Herbs perennial, rhizomatous, stoloniferous. Stems erect, 30-80 cm, striate, crisped villous, pyramidally branched. Leaves usually sessile, circular to oblong-ovate, 2-4.5 × 1.5-3 cm, villous, base cordate, margin crenate or crenate-serrate, apex obtuse. Verticillasters in terminal, dense cylindric spikes 2-4 × ca. 0.6 cm, lower 1 or 2 ± widely spaced; bracts lanceolate, ca. 3 mm, crisped. Pedicel ca. 1 mm, glabrous. Calyx broadly campanulate, ca. 2.5 mm, pubescent, subglobose, dilated in fruit, not constricted at throat, obscurely veined; teeth lanceolate-subulate, ca. 1 mm. Corolla white, purplish, bluish or purple, ca. 2.5 mm, glabrous, tube ca. 1.5 mm; lobes subequal, upper emarginate.

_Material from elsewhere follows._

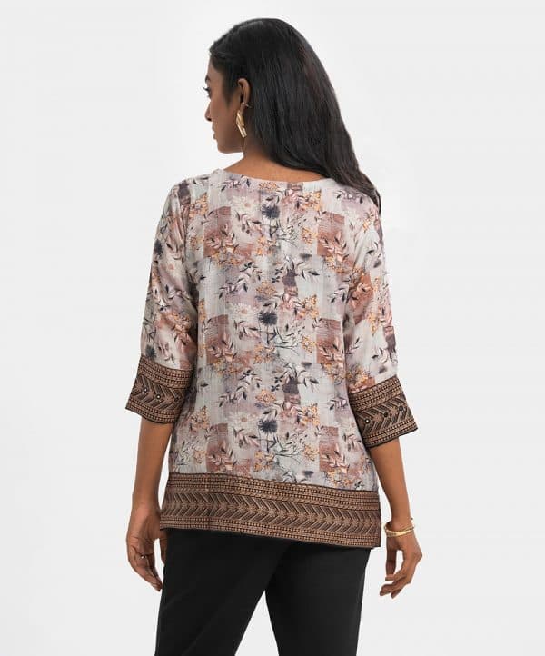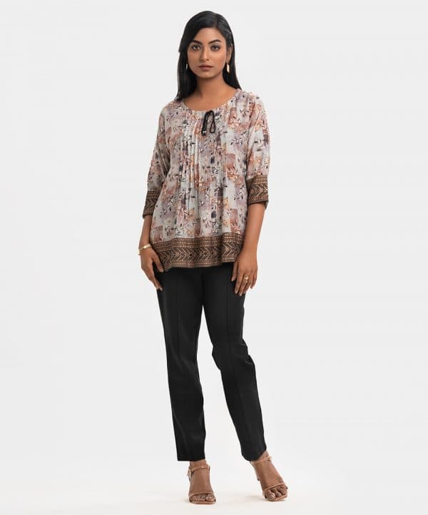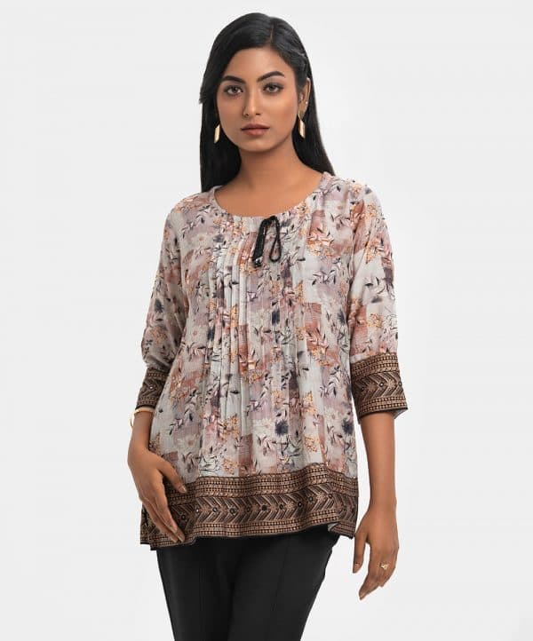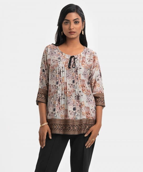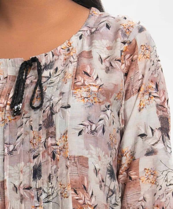 Women’s short style tunic in printed cotton-blended fabric. Three-quarter sleeves and round neck with slit attached tassel tie. Pin tuck at the front and patchwork & karchupi at sleeves and hemline.

Ovary glabrous. Nutlets unknown.
Stout and erect, 4–10 dm, with a sickly-sweet odor; stem sparsely hairy to densely white-tomentose; lvs sessile or nearly so, broad-based and often clasping, obtuse or rounded above, 2–5 × 1–4 cm, 1–2 times as long as wide, crenate-serrate, strongly rugose-reticulate, strongly villous-tomentose beneath, less so above; verticils crowded into elongate terminal spikes (sometimes interrupted below) 3–15 × 0.5–1 cm; cal 1–2 mm, short-hairy throughout; 2n=24. Native of s. Europe, escaped into waste places and along roadsides throughout s. U.S. and n. occasionally to Me. and O.
A herb. It grows 90 cm high and spreads 90 cm wide. It keeps growing from year to year. It has stolons or runners. The stem is erect and 30-80 cm high. There are lines along the stem. The plant is covered with silvery hairs. The leaves usually do not have leaf stalks. The leaves are round and 2-4.5 cm long by 1.5-3 cm wide. There are teeth along the edge. The flower spikes are 2-4 cm long. The flowers are bluish-purple.